On Mon, Jul 05, 1999 at 11:45:57AM -0600, Gary L. Hennigan wrote:
> I gather I need a HUB or a switch for anything more than two hosts?
If you're using cat5. If you're just using coax cable, you don't need a
hub or switch and can just hang everything off the one wire.
> Which one? I believe I understand the difference. A hub acts as a
> simple amplifier. Any signal it receives on one of it's ports is
> amplified and sent to all it's other ports. A switch, if my
> understanding is correct, adds some smarts to the process and only
> sends the signals to relevant ports. So if machine A sends a packet to
> machine B that packet is only sent to the port that machine B is
That's about it. Hubs can have some smarts in them - they can cut off
hosts that are flooding the network and detect faulty cabling.

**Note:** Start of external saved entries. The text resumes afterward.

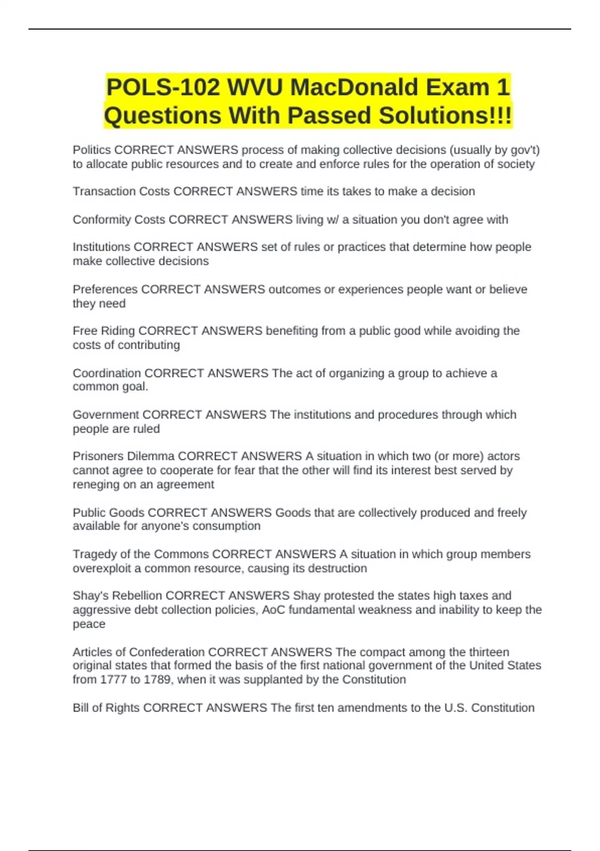 POLS-102 WVU MacDonald Exam 1 Questions With Passed Solutions!!!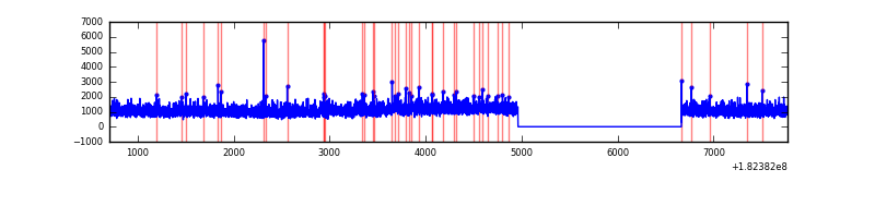 Red curve is a Poisson curve with rate = median count rate of data. |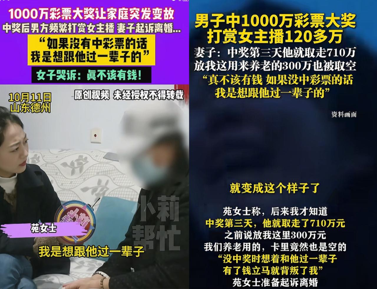 “真不该有钱啊!” 山东德州这事儿,可太让人唏嘘 男子42元彩票中1000万,扣税后到 手814万,本是好事,却成家庭破碎导火索。 有钱前,夫妻平淡但温馨 有钱后,男子飘了,打牌、打赏女主播 对妻子却一毛不拔还欺骗她。 其实,不是钱的错,是这人本性如此 一有点钱就忘本。钱像面镜子,照出他的不堪。 大家说,这是不是自食恶果? 要是你遇到这情况,会咋选?快来说说。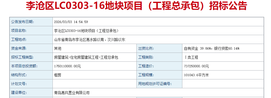 近日,李沧区LC0303-16地块项目(工程总承包)招标公告发布,工程地点位于青岛市李沧区惠水路以南、汉川路以东,总投资约17.5亿元,建设单位为青岛惠风置业有限公司。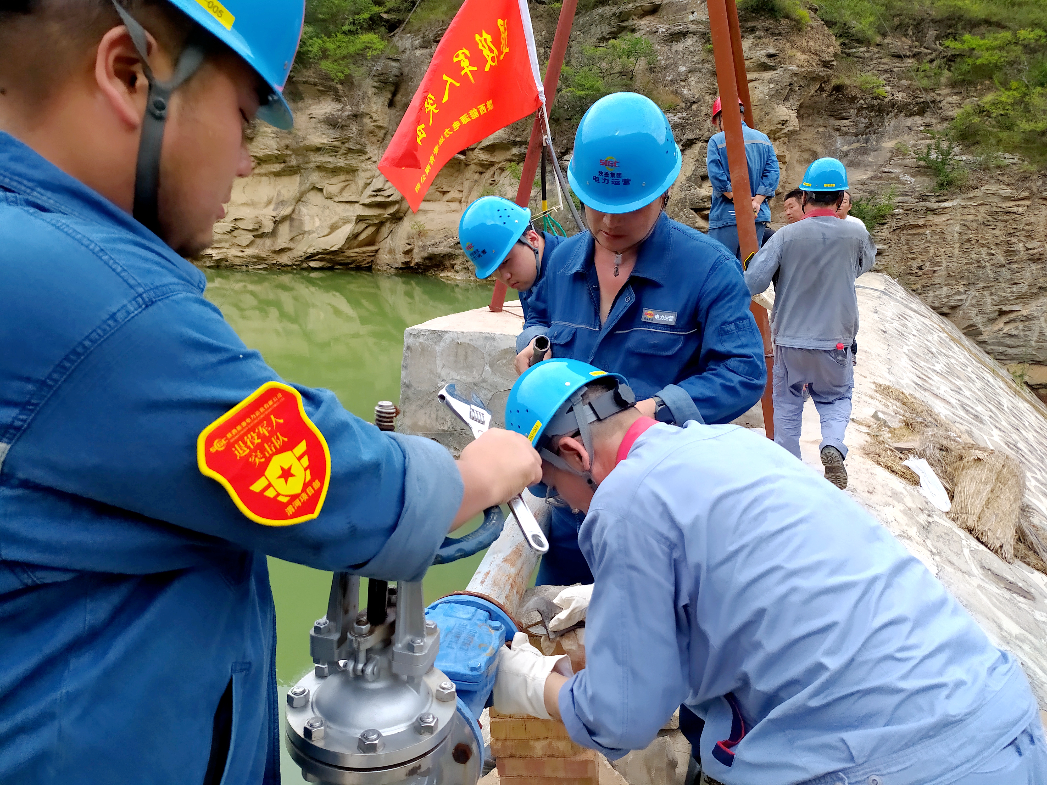 到了沟底,查设备,巡线路,找问题,队员们马不停蹄投入抢修工作。头顶着火辣辣的太阳,眼前虽是一汪碧水,可沟里一丝风也没有,温度超过40℃。人站在河坝上即使不干活,一会儿就汗流浃背,头晕目眩。工作中,大家不时抹一把脸上、身上的汗,开玩笑说:“鱼在下面的河水里游泳,我们在岸上的汗水里游泳。”可为了打通这条关乎全村的“生命线”,大家临深渊,没有一个人临阵退缩;涉险滩,始终没有一句怨言。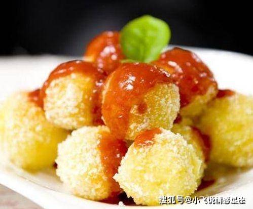 6.锅里放油,油热到60%时,放入沾了面包屑的土豆,炸至金黄色。7.锅中留少许油,加入番茄酱,待番茄酱冒泡时,淋在烤土豆球上即可。

> connected to. Is there any advantage to a switch in a small home
> network? Money, at this level, really isn't the issue, but I don't
> want to spend extra money on a switch if it's overkill for a small
> network and doesn't really buy me anything.
Unless you find that your bandwidth is constantly saturated, I wouldn't
worry about a switch.
--
Mark Brown mailto:broonie@tardis.ed.ac.uk (Trying to avoid grumpiness)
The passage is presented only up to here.